The 4,…………..yes the still 4 Gendarmes then stood for another half hour talking to the capitainerie with lots of pointing and waving in our direction.  Then about 7pm along he comes to take our 26euro. He was not happy to say the least. Before he left he amended the sign.



Having read this far I suppose you are wondering what all the fuss is about?  Well the capitainerie  decided that because we were a “long” boat that we should be charged 3 times the fee for not mooring end on. 39euro a night? I think NOT!  The more observant of you, NO, anyone with half a brain can see the sign has no mention of price per length which is common in many marinas.

This episode both soured and enlivened our visit to Metz.  If nothing else it is a tale to tell.

That evening ended up with 8 people on MR for a very enjoyable impromptu curry night with 2 other boats from Australia Peter and Jo and Peter and Joan, then 2 guitars and singing ensued.  We left around 10pm, but hear they went on until about 2 am with suitably sore heads from the late nighters the following morning.

Sunday was spent doing more shopping and sightseeing in Metz and a generally lazy day. 

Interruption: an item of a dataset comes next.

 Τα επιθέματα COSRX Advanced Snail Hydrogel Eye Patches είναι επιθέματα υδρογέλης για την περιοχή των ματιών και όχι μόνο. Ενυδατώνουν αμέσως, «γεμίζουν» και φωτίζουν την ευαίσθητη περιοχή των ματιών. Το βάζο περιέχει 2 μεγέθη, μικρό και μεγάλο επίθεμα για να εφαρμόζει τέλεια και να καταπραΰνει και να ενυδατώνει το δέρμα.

One of many Gyppo beggars at the Cathedral


We set of on Monday morning leaving MR and saying our goodbyes in Metz as we will probably not be seeing them by boat for a while to come as we are on different routes and we will be going home for winter.

The journey back to Toul was a retrace of our route out and moorings along the way.

At Pont-a-Mousson we met and had drinks aboard Avalon with Helen and Phil. When we arrived at P-a-M there was a fishing match going on.  The chap I assume was the marshal started shouting and gesticulating at us.   We moored up at least 100m form the last fisherman but clearly this was not enough.  I just waved and said bonjour and like a good Britt “ I carried on mooring and kept calm”

Their DB De Volendammer leaving the next morning

The waterways are very quiet.  The only other boat we saw this day (Tuesday) was this commercial loaded to the gunwales with coils of steel wire.


After this and all the way back to Toul we saw no other moving boats, or indeed stationary ones with people around.  It’s like having a personal waterway.

This is the exit from the Moselle to Toul & our onward route

So that was a 9 day excursion. We drove the to Metz (Ikea) a couple of weeks ago from Toul and it took less than an hour Smile.

We have now done over 500 hours on Avalon of which 300 have been since we arrived at Nieupoort in mid April. A very rough calculation is that we do an average 4mph so based on that we must have done up to 1200 miles so far in Europe.

This brings me nearly up to date. Phew!  Sorry its been so long.


  1. It was well worth waiting for, thanks :)

    Shows that 'jobsworths' are not just a British anomaly... LOL

  2. He was a jobsworth. My complete argument for mooring side on was safety. Be assured had it been safe to get on and off end on we would have done. When I explained my reasons (and this is no lie) his response was "it's not my problem". As for the waste of 4 Gendarmes time, I have no idea what he said to make them come but he must have ramped it up somewhat.